Madu sebagai Pendukung Kesehatan Usus
Di antara berbagai pilihan alami, madu bisa menjadi tambahan yang bermanfaat untuk mendukung kesehatan usus. Madu mengandung prebiotik alami, yaitu senyawa yang dapat memberi “makanan” bagi bakteri baik di usus.
Dengan konsumsi madu secara teratur, keseimbangan mikrobiota bisa lebih terjaga. Selain itu, madu juga dikenal memiliki sifat antimikroba dan antioksidan yang membantu melindungi usus dari peradangan.

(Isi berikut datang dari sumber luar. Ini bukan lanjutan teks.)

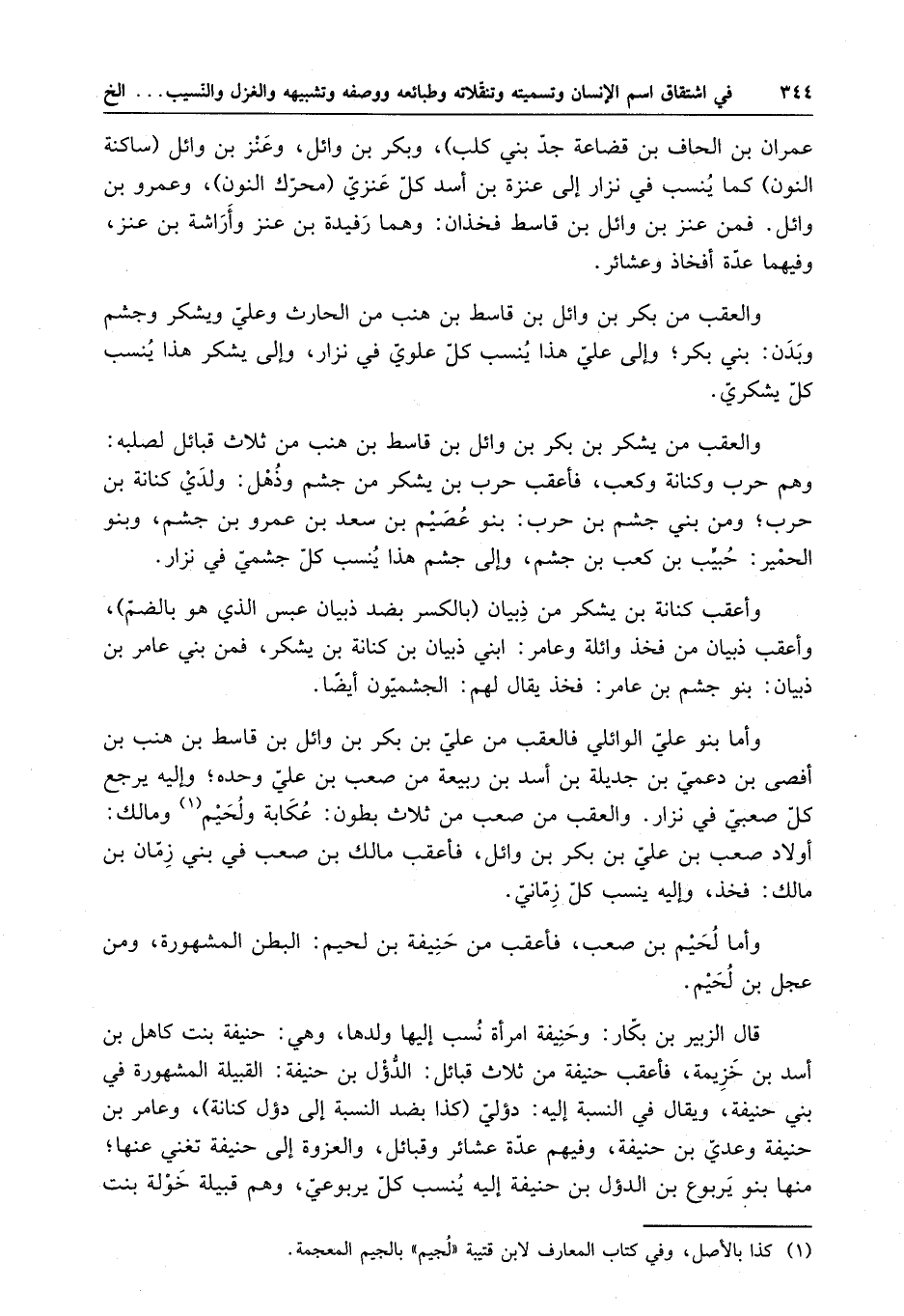 والعقب من بكر بن وائل بن قاسط بن هنب من الحارث وعليّ ويشكر وجشم وبدن : بني بكر ؛ وإلى عليّ هذا يُنسب كلّ علويّ في نزار ؛ وإلى يشكر هذا يُنسب كلّ يشكريّ .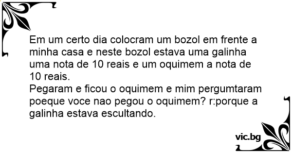 Em um certo dia colocram um bozol em frente a minha casa e neste bozol estava uma gаlinhа uma nota de 10 reais e um oquimem a nota de 10 reais.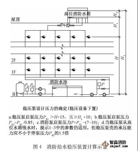 臨時高壓消防給水系統一般均應設置高位消防水箱(除符合規范規定可不設的情形外),且對其設置高度有一定要求。日本規范規定自動噴水滅火系統屋頂消防水箱最不利的最低供水壓力為0.15 MPa,美國、英國規范則要求0.10 MPa。我國1987年版和2006年版“建規”對比均沒有規定,只在條文中要求重力自流的消防水箱應設置在建筑的最高部位。1982年版《高層民用建筑設計規范》(以下簡稱“高規”)首次提出屋頂消防水箱應滿足最不利消火栓的靜水壓力,但沒有提出設計參數,1995年版“高規”做了具體規定。國標圖集98S205編制目的是為解決臨時高壓消防給水系統高位消防水箱設置高度滿足不了系統最不利點靜水壓力時應設增壓設施的要求,其為消防專用的增壓穩壓設備的主要功能只是火災初期時、消防主泵啟動前,確保具有足夠消防壓力的30 s儲水量進行初期火災撲救,直至消防主泵全負荷啟動運行。這里更多的還是強調增壓的概念,設備類似于氣壓供水,發揮主要作用的是氣壓水罐,穩壓水泵的作用是在3 min內,補足氣壓水罐內實際穩壓水容積。利用氣壓水罐所設定的P1、P2、PS1和PS2運行壓力來控制穩壓泵運行工況。P1為根據計算求得消火栓系統或自動噴水滅火系統中最不利點所需的消防壓力作為氣壓水罐的充氣壓力。平時管道系統如有滲漏泄壓等情況,控制穩壓水泵不斷補水穩壓,在PS1、PS2(啟動-停止)反復運行,一旦有火情,管道系統大量缺水,造成PS1下降(PS1→P2),降至P2時,立即啟動消防主泵。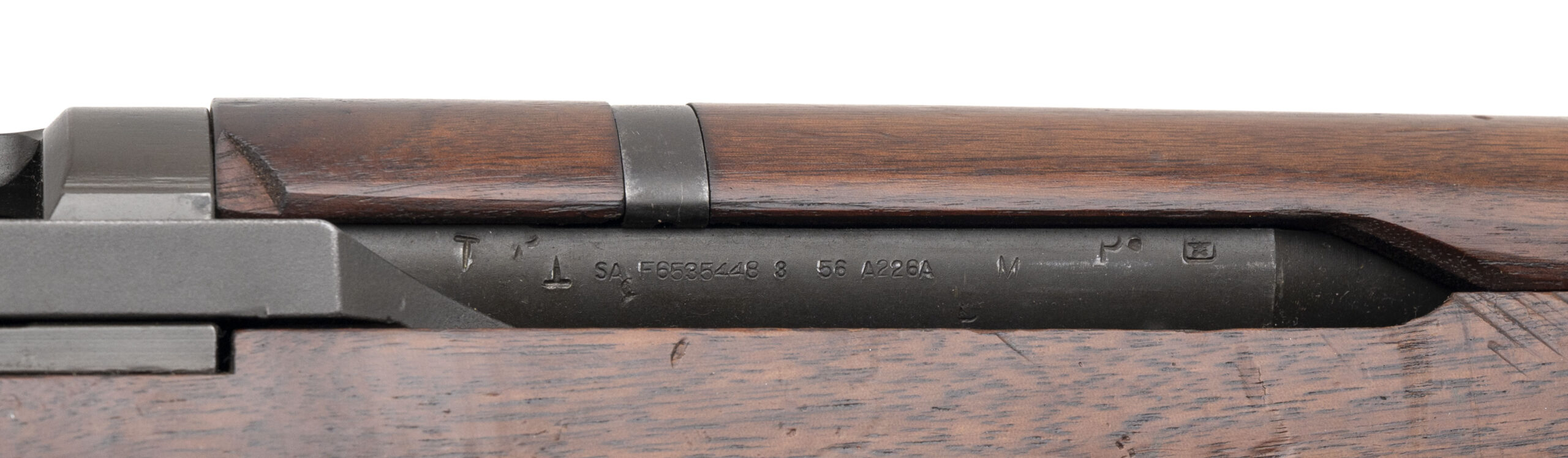 Serial No. 4264230, manufactured circa 1952–1954, .30-06, 24” round barrel marked “SA F6535448 8-56 A226A” This late-pattern M1 Garand was produced during the Korean War era by Springfield Armory, featuring a postwar barrel dated August 1956. The bolt is marked “6528287-SA/Y01,” while the receiver is marked “A38B/D 6528291 43.” The cut op-rod is stamped “6535382 IHC,” and the trigger group is correctly marked “SA.” The stock is in very good condition, showing only light surface impressions from service use. Action is smooth and functions correctly. Rifle comes equipped with a sling. A solid representative example of a Korean War Springfield Garand.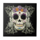 Vintager Schädel und Blumen-Fliese Fliese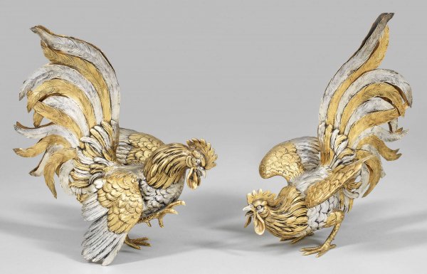 Paar Skulpturen "Kampfhähne" als Tafeldekoration Silber, teilw. vergoldet. Gegenstücke. Äußerst naturalistisch und detailreich ausgeführte Darstellung zweier Hähne im Kampf mit fein graviertem, prächtigem Federkleid. Gest. 925. Gew. zus. ca. 1350 g. H. 25 cm - 27 cm.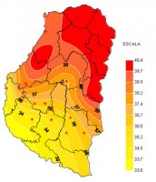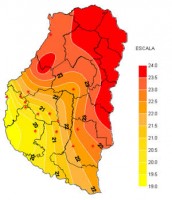 El ingreso de una masa de aire frío durante el fin de semana permitió un importante descenso de las temperaturas mínimas durante este período. Las mismas retrocedieron a valores de casi la mitad de las medidas durante el período anterior, pasando en promedio, de 16ºC a 8ºC. Si bien las mínimas se vieron muy afectadas por este frente frío, las máximas no lo fueron tanto ya que alcanzaron registros extremos superiores a los 40ºC. Esta amplitud térmica posibilitó que la temperatura media semanal rondara los 21ºC, morigerando la elevada sensación térmica percibida.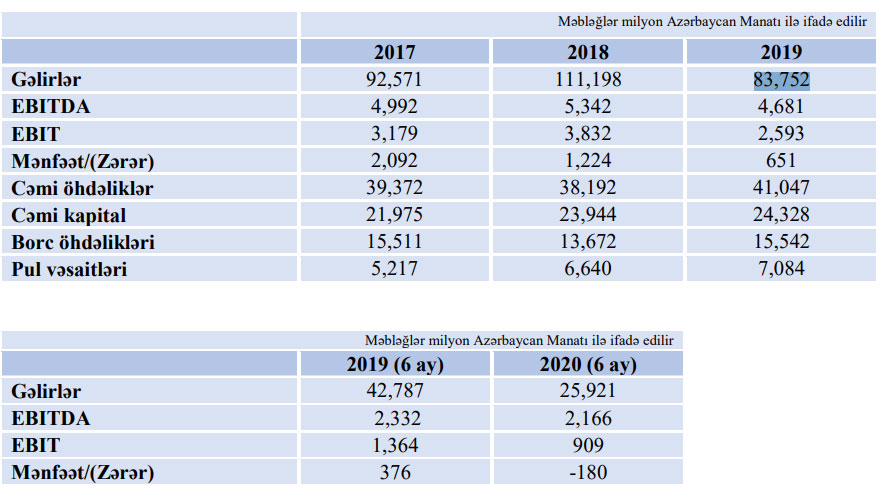 Marja şirkətin məlumatına istinadən xəbər verir ki, 2019-cu ilin 6 ayında 42 milyard 787 milyon manat təşkil etmiş cəmi gəlirlər 2020-ci ilin 6 ayında 25 milyard 921 milyon manata geriləyib.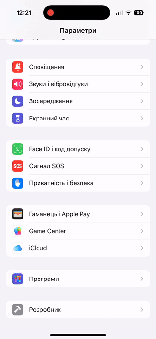Для налаштування сповіщень застосунку SICH на iPhone, відкрийте:

Bukan hanya itu, rasa manis alami madu dapat menjadi alternatif pengganti gula olahan. Jika terlalu banyak gula rafinasi bisa merusak keseimbangan mikrobiota, madu justru memberikan manfaat tambahan.
Misalnya, segelas air hangat dengan satu sendok madu di pagi hari bisa membantu sistem pencernaan lebih siap bekerja sekaligus memberikan energi alami untuk memulai hari.
Dengan mendukung kesehatan usus, madu secara tidak langsung ikut berperan dalam menjaga stabilitas emosi. Ingat, usus sehat menghasilkan lebih banyak serotonin, sehingga suasana hati pun bisa lebih positif.
Oleh karena itu, pastikan kamu mendapatkan manfaat madu ini yang tentu hanya ditemukan pada madu yang benar-benar murni dan asli tanpa pengolahan dan campuran seperti madu syafnis.
Pentingnya Pola Tidur dan Olahraga
Tidak kalah penting adalah tidur yang cukup. Saat tidur cukup, hormon stres lebih terkendali, mikrobiota lebih stabil, dan komunikasi antara otak dan usus berjalan lebih lancar.
Sebaliknya, kurang tidur membuat tubuh lebih mudah gelisah, pencernaan berantakan, dan daya tahan tubuh menurun.
Olahraga juga menjadi cara ampuh untuk menjaga keseimbangan gut brain axis. Aktivitas fisik merangsang pelepasan endorfin yang menimbulkan perasaan senang, sekaligus memperbaiki sirkulasi darah menuju organ pencernaan.
Tidak perlu olahraga berat, berjalan santai tiga puluh menit setiap hari saja sudah cukup membantu menjaga harmoni antara otak dan usus.
Gut brain axis memberi kita pelajaran berharga bahwa tubuh dan pikiran bukanlah dua hal yang terpisah. Saat pikiran tertekan, usus ikut menjerit. Saat usus terganggu, pikiran pun sulit tenang. Dengan memahami hubungan ini, kita bisa lebih bijak dalam menjaga kesehatan.
Bagi sebagian orang, pengetahuan ini bisa menjadi pengingat untuk lebih peka pada sinyal tubuh.
Ketika perut sering bermasalah, mungkin bukan hanya makanan yang perlu diperhatikan, tetapi juga kondisi stres yang belum terkelola. Sebaliknya, ketika merasa mudah cemas atau murung, bisa jadi usus sedang tidak dalam kondisi sehat.
Penutup
Pada akhirnya, kesehatan adalah keseimbangan antara jasmani dan rohani. Gut brain axis hanyalah salah satu bukti bahwa keduanya saling terhubung.
Dengan gaya hidup yang lebih sadar, kita bisa menjaga harmoni itu. Mulailah dari hal-hal kecil: makan lebih sehat, tidur cukup, olahraga rutin, konsumsi makanan alami termasuk madu, dan berikan waktu untuk diri sendiri agar stres tidak menumpuk.
Dengan begitu, bukan hanya pencernaan yang lebih nyaman, tetapi pikiran pun akan terasa lebih ringan dan hidup lebih berkualitas.